Włodarze Programu Operacyjnego Polska Cyfrowa, być może, przetestują możliwość wykorzystania radiolinii punkt-punkt do podłączania co bardziej oddalonych od sieci dystrybucyjnych placówek szkolnych. A przynajmniej przekonuje ich do tego część interesariuszy (potencjalnych beneficjentów) 2. konkursu POPC). Przede wszystkim operatorów sieci komórkowych.

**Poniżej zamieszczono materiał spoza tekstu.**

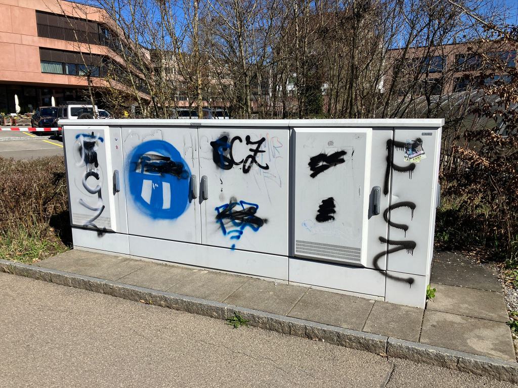 Auch das hübsche Pfäffikon ZH wurde von linksautonomen Hooligans des FCZ verschmiert. Jedes Graffiti stammt von diesen Hooligans, die mehrheitlich auch linksextreme Hausbesetzer sind. Offensichtlich haben sie nichts Besseres zu tun, als mit der Spraydose in der einen und einem Bier in der anderen Hand Hausfassaden zu besprayen und Radau zu machen.

Taki pomysł padł podczas spotkań grupy monitorującej realizację POPC, a teraz trwają analizy i przygotowania ewentualnych testów. Priorytetem dla Ministerstwa Cyfryzacji jest wprawdzie optyczne łącze do każdej szkoły, ale resort jest skłonny przyjrzeć się także alternatywnym technologiom. W podlaskim i mazowieckim pilotażu 20 szkół podłączonych do sieci testowano również jedno łącze satelitarne w sieci Eutelsatu.
Ewentualne wykorzystanie na większa skale radiolinii nie tylko jednak nie do końca współgra z ambicjami i bazowymi założeniami MC. Nie wszyscy operatorzy są także tym pomysłem zachwyceni, choć wielu stacjonarnych ISP przychyla się do tej koncepcji.
Radiolinie powinny stanowić efektywne kosztowo rozwiązanie i bez większego trudu zaspokoić zapotrzebowanie szkół na pasmo. Gorzej, gdyby takie łącza miały również obsłużyć teletransmisję z budowanych w ramach POPC sieci dostępowych do klientów indywidualnych.